Recorded data
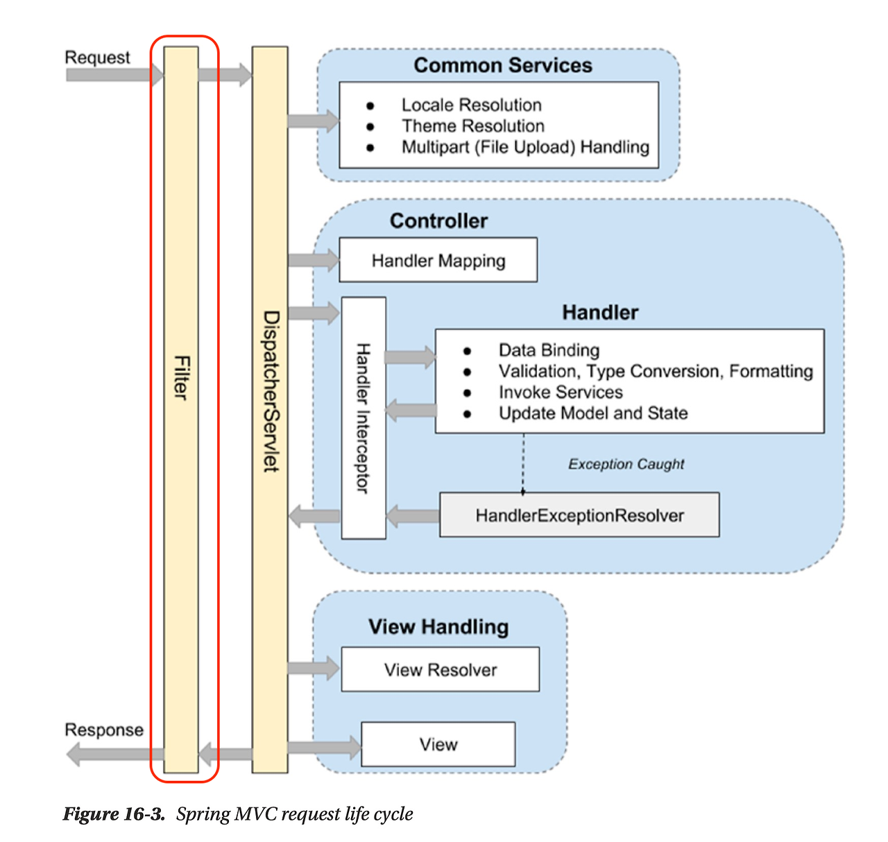 Filter: Web 애플리케이션에서 관리되는 영역으로 요청과 응답에 대해 최초/최종 단계의 위치하며 이를 통해 요청과 응답의 정보를 변경하는 등 부가적인 기능을 추가할 수 있습니다.주로 범용적으로 처리해야 하는 작업들, 예를들어 로깅 및 보안 처리에 활용합니다.인증, 인가와 관련된 로직들을 처리할 수도 있습니다.Filter를 사용하면 필터 내 로직을 비즈니스 로직과 분리하여 관리할 수 있다는 장점이 있습니다. Filter는 한 개만 존재하는 것이 아니라 여러 개가 Chain 형식으로 묶여서 처리되고 있습니다. Request URL Logging 필터import java.io.IOException;@Slf4j(topic = "LoggingFilter")@Component@Order(1)public c..
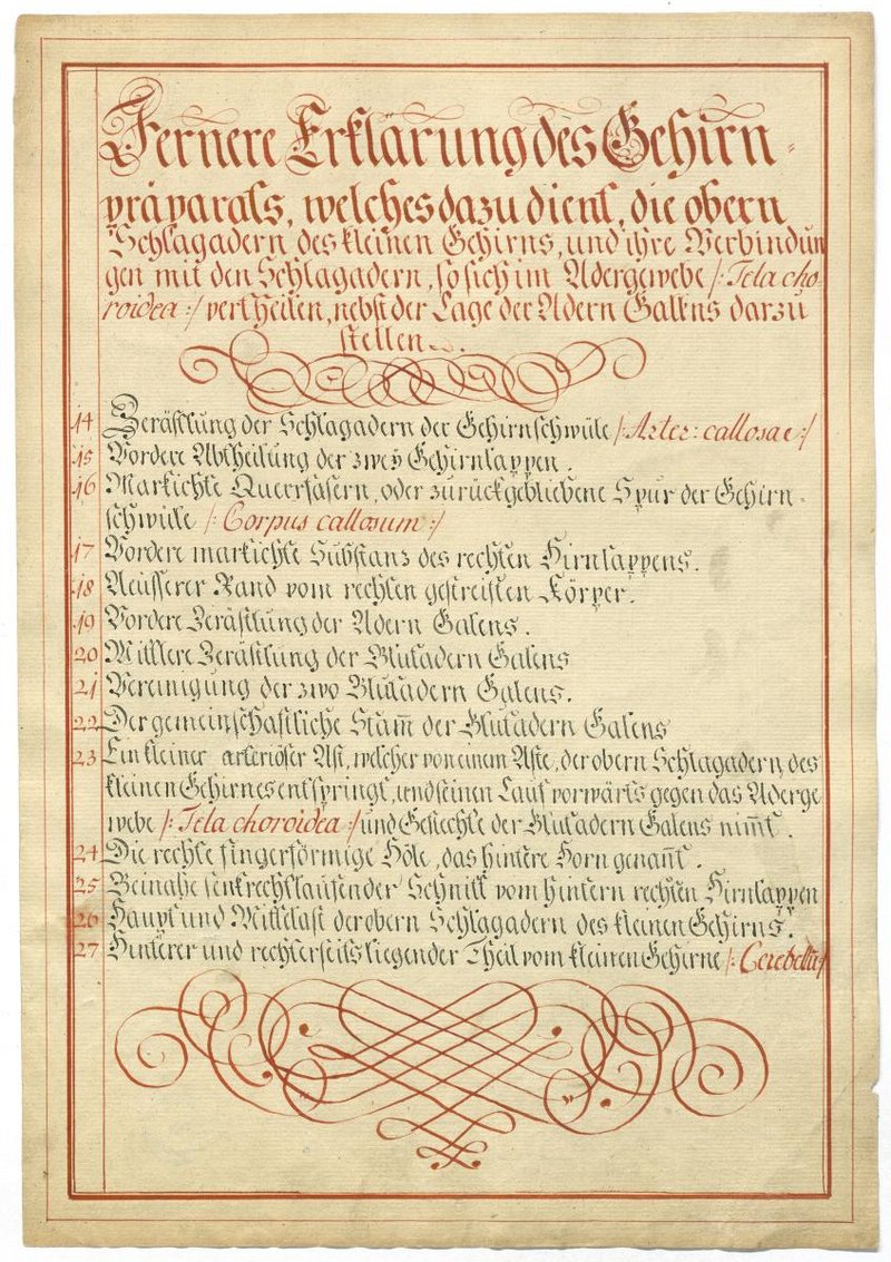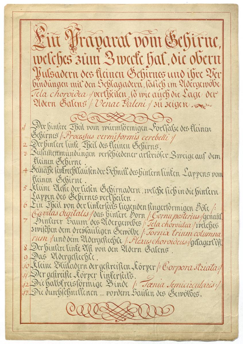 Der Text ist die ergänzende Beschreibung in deutscher Sprache zum anatomischen Wachsmodell des Gehirns.
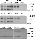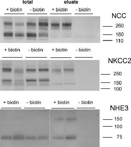 Figure 3. Biotinylation of plasma membrane proteins. Kidneys were perfused with or without biotin. Lanes were loaded with 45 μg of total membrane protein or 25 μl of eluate from the neutravidin beads. Top: Na/Cl cotransporter (NCC). In total membranes, the antibody reacted with proteins of apparent molecular masses of ∼130 and ∼260 kD, presumably reflecting monomeric and dimeric forms of the transporter. The material in the biotinylated eluate was mostly at the higher molecular mass. No staining was observed in the nonbiotinylated eluate. Middle: Na/K/2Cl cotransporter (NKCC2). Three bands were observed, with the major ones at ∼140 and ∼280 kD, again presumably reflecting monomeric and dimeric forms of the transporter. The sharper band at ∼110 kD may represent the nonglycosylated form of the protein. The eluate of the biotinylated kidneys contained primarily the 280-kD form. No staining could be detected in the eluate from the nonbiotinylated kidneys. Bottom: Na/H exchanger (NHE3). The total membrane fraction contained a predominant band at ∼80 kD. The eluate from the biotinylated kidneys also contained this presumably full-length form of the protein, and also had a species at ∼160 kD that may represent a dimer. No staining could be detected in the eluate from the nonbiotinylated kidneys. (Panel has been rearranged so that the lanes correspond to those of the top two panels.)
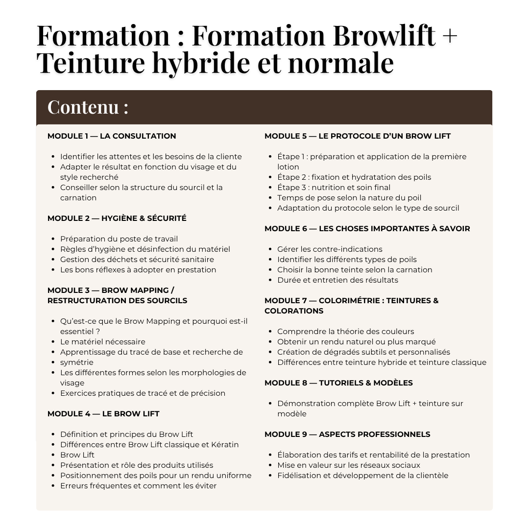 Cette formation complète vous enseigne le Brow Lift associé à la teinture classique et hybride pour obtenir des sourcils disciplinés, fournis et parfaitement définis.
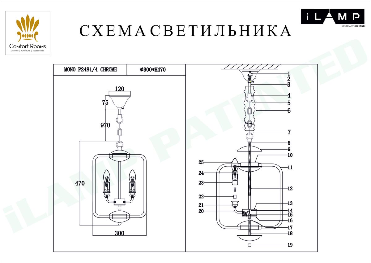 Подвесная люстра iLamp Mono P2481-4 CR
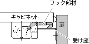 扉が閉まらない場合は、受け座が本体のズレ防止用リブに接触している可能性があります。扉・受け座の位置を調整してください。
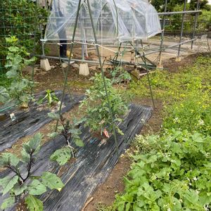 週中の休日は、農園作業に👨🌾 今日は、梅雨入りの雨降り☔️の合間に トマト🍅の雨避けを有る物だけを利用して作成・設置しました☺️ 先日のゲリラ豪雨・ヒョウ❄️混じりで、葉に穴や一部折れたりしましたが、被害は最小🙁 ラディシユは、花が🌼咲き始めて😅 トマト🍅にも花が🌼 きゅうり🥒には、小さな実が付いています😊
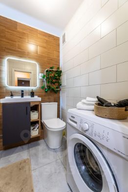 Ванная: стиральная машина, фен, гель для душа и шампунь
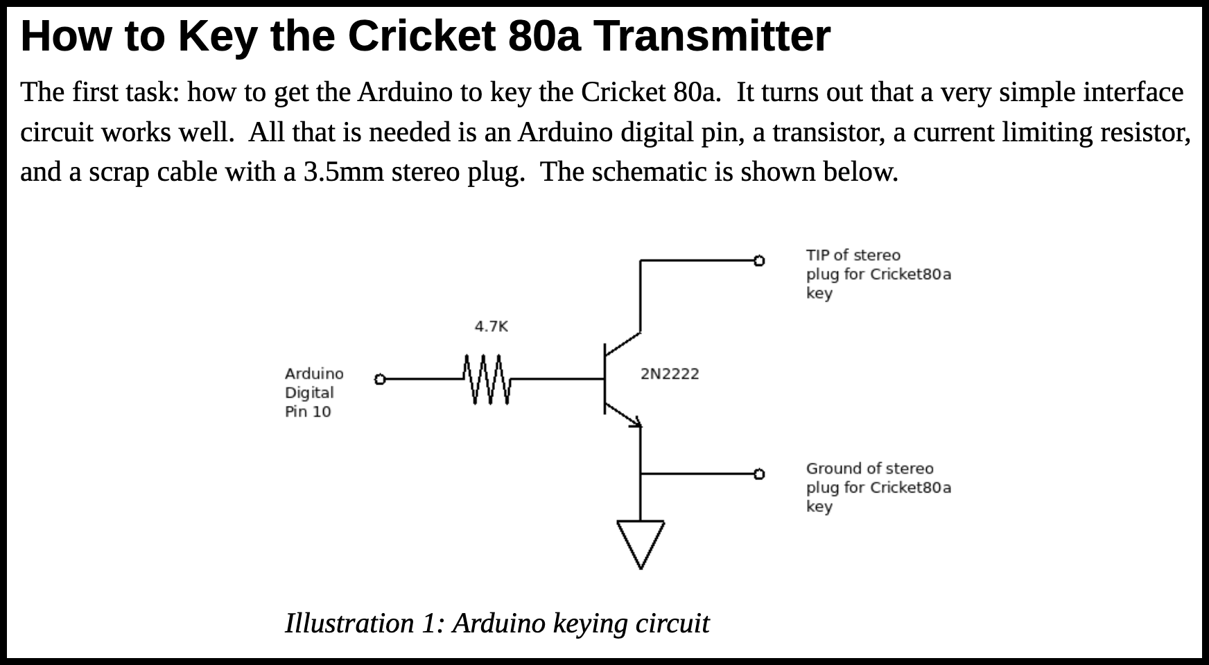 #13 shows that this board/code can control a relay, but it is loud and large. It should be possible to key the radio with a transistor, even if there is a fair bit of current on the keying circuit (as there is in the NS-80 transmitter, but not the Cricket).
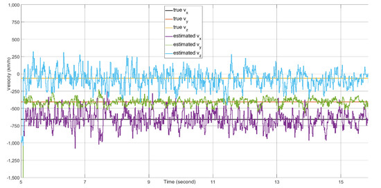 The velocity tracking performance over time. The velocity estimation formula follows Equation (37) in [27]. The estimation interval is 5 s. Therefore, this plot starts from 5 s.

→ **Task requirements**:
Repeat exactly the lines from the start of the entries down to the line with "Der Text ist", keeping both ends but none of the pictures.

→ **Written answer**:
 Filter: Web 애플리케이션에서 관리되는 영역으로 요청과 응답에 대해 최초/최종 단계의 위치하며 이를 통해 요청과 응답의 정보를 변경하는 등 부가적인 기능을 추가할 수 있습니다.주로 범용적으로 처리해야 하는 작업들, 예를들어 로깅 및 보안 처리에 활용합니다.인증, 인가와 관련된 로직들을 처리할 수도 있습니다.Filter를 사용하면 필터 내 로직을 비즈니스 로직과 분리하여 관리할 수 있다는 장점이 있습니다. Filter는 한 개만 존재하는 것이 아니라 여러 개가 Chain 형식으로 묶여서 처리되고 있습니다. Request URL Logging 필터import java.io.IOException;@Slf4j(topic = "LoggingFilter")@Component@Order(1)public c..
 Der Text ist die ergänzende Beschreibung in deutscher Sprache zum anatomischen Wachsmodell des Gehirns.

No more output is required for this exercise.